Furthermore, in the present embodiment, a first bearing 61 (radial bearing) is provided between an inner periphery of the first mold base 11 and the outer periphery of the first mold core 3 to enable the first mold core 3 to be rotatably mounted on the first mold base 11; in addition, a third axial positioning portion 111 is provided on the first mold base 11, and the first axial positioning portion 31 and the third axial positioning portion 111 are respectively located on both axial sides of the first bearing 61, such that the third axial positioning portion 111, the first bearing 61 and the first axial positioning portion 31 successively abut against each other to perform axial positioning of the first mold base 11, the first bearing 61 and the first mold core 3; in addition, a second bearing 62 (thrust bearing) is provided between the second mold base 12 and the first mold core 3 to support an acting force of the first mold core 3 towards the direction of the second mold base 12; similarly, a third bearing 63 is provided between an inner periphery of the third mold base 21 and the outer periphery of the second mold core 4 to enable the second mold core 4 to be rotatably mounted on the third mold base 21; a fourth axial positioning portion 211 is provided on the third mold base 21, and the second axial positioning portion 41 and the fourth axial positioning portion 211 are respectively located on both axial sides of the third bearing 63 to perform axial positioning of the third mold base 21, the third bearing 63 and the second mold core 4, and a fourth bearing 64 is provided between the fourth mold base 22 and the second mold core 4 to support an acting force of the second mold core 4 towards the direction of the fourth mold base 22.
Therefore, 1. the first bearing 61 and the third bearing 63 enable smoother rotation of the first mold core 3 and the second mold core 4, while the second bearing 62 and the fourth bearing 64 axially support the first mold core 3 and the second mold core 4 when the first mold 1 and the second mold 2 are clamped and pressed so as to prevent the first mold core 3 and the second mold core 4 from pressing against the corresponding first mold 1 and the second mold 2, resulting in too great friction to rotate; and 2. the third axial positioning portion 111, the first bearing 61, the first axial positioning portion 31 (the first mold core 3), the second bearing 62 and the second mold base 12 are positioned in the axial direction and then axially locked with bolts, resulting on matched overall axial height and accurate mounting and absence of excessive clearance 83 which results in noise in the use of the mold; and similarly, the fourth axial positioning part 211, the third bearing 63, the second axial positioning part 41 (the second mold core 4), the fourth bearing 64 and the fourth mold base 22 are positioned in the axial direction and then axially locked with bolts, resulting in highly matched overall axial height, accurate mounting and absence of excessive clearance 83 which results in noise in the use of the mold.

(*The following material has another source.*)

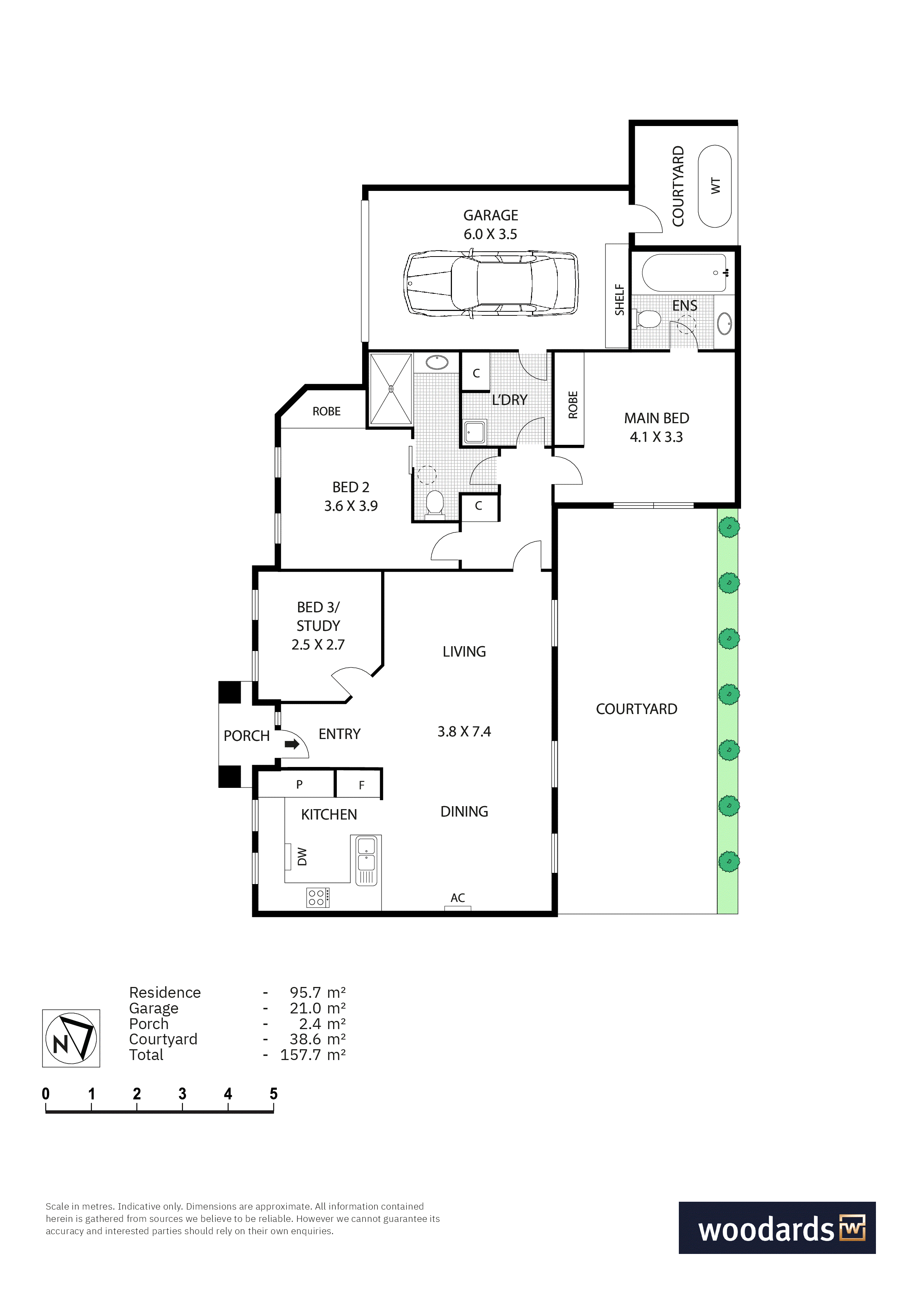 Ducted heating, split-system air conditioning in the living area, a security alarm, walk-in laundry and a garage with internal access and shelving add to the comfort.
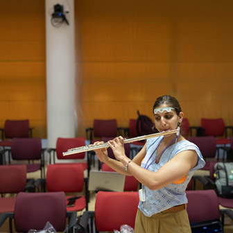 Una flautista conectada para un análisis de EEG durante una demostración de Maimon en la Universidad de Tel Aviv. Foto: Tomer Appelbaum

Specifically, in the present embodiment, four second bearings 62 and four fourth bearings 64 are circumferentially arranged at intervals so as to be axially supported at multiple positions to improve axial supporting uniformity and stability.
Furthermore, in the present embodiment, an injection molding pipe 93 is provided on the second mold base 12 and is detachably mounted, the injection molding pipe 93 is inserted into the injection molding hole 92, and an outer periphery of the injection molding pipe 93 has a shape and size adapted to a shape and size of a peripheral wall of the injection molding hole 92. Therefore, 1. the injection molding pipe 93 extends into the injection molding hole 92 to achieve a smaller contact area between the injection molding liquid and an inner peripheral wall of the injection molding hole 92, and enters the injection molding cavity 91 faster after leaving the injection molding pipe 93 (stationary), thereby reducing the impact of the rotating injection molding hole 92 causing the injection molded part 99 to break when the injection molding liquid cools, enabling smoothing processing, and 2, the detachable injection molding pipe 93 can be correspondingly replaced together with the first mold core 3 and the second mold core 4 that need to be replaced for the production of different injection molded parts 99, resulting in better adaptability.
Specifically, the second mold base 12 is perforated vertically such that the injection molding pipe 93 is inserted from top to bottom and further inserted into the injection molding hole 92 through the perforation, and the injection molding pipe 93 is mounted above the second mold base 12 by means of a bolt.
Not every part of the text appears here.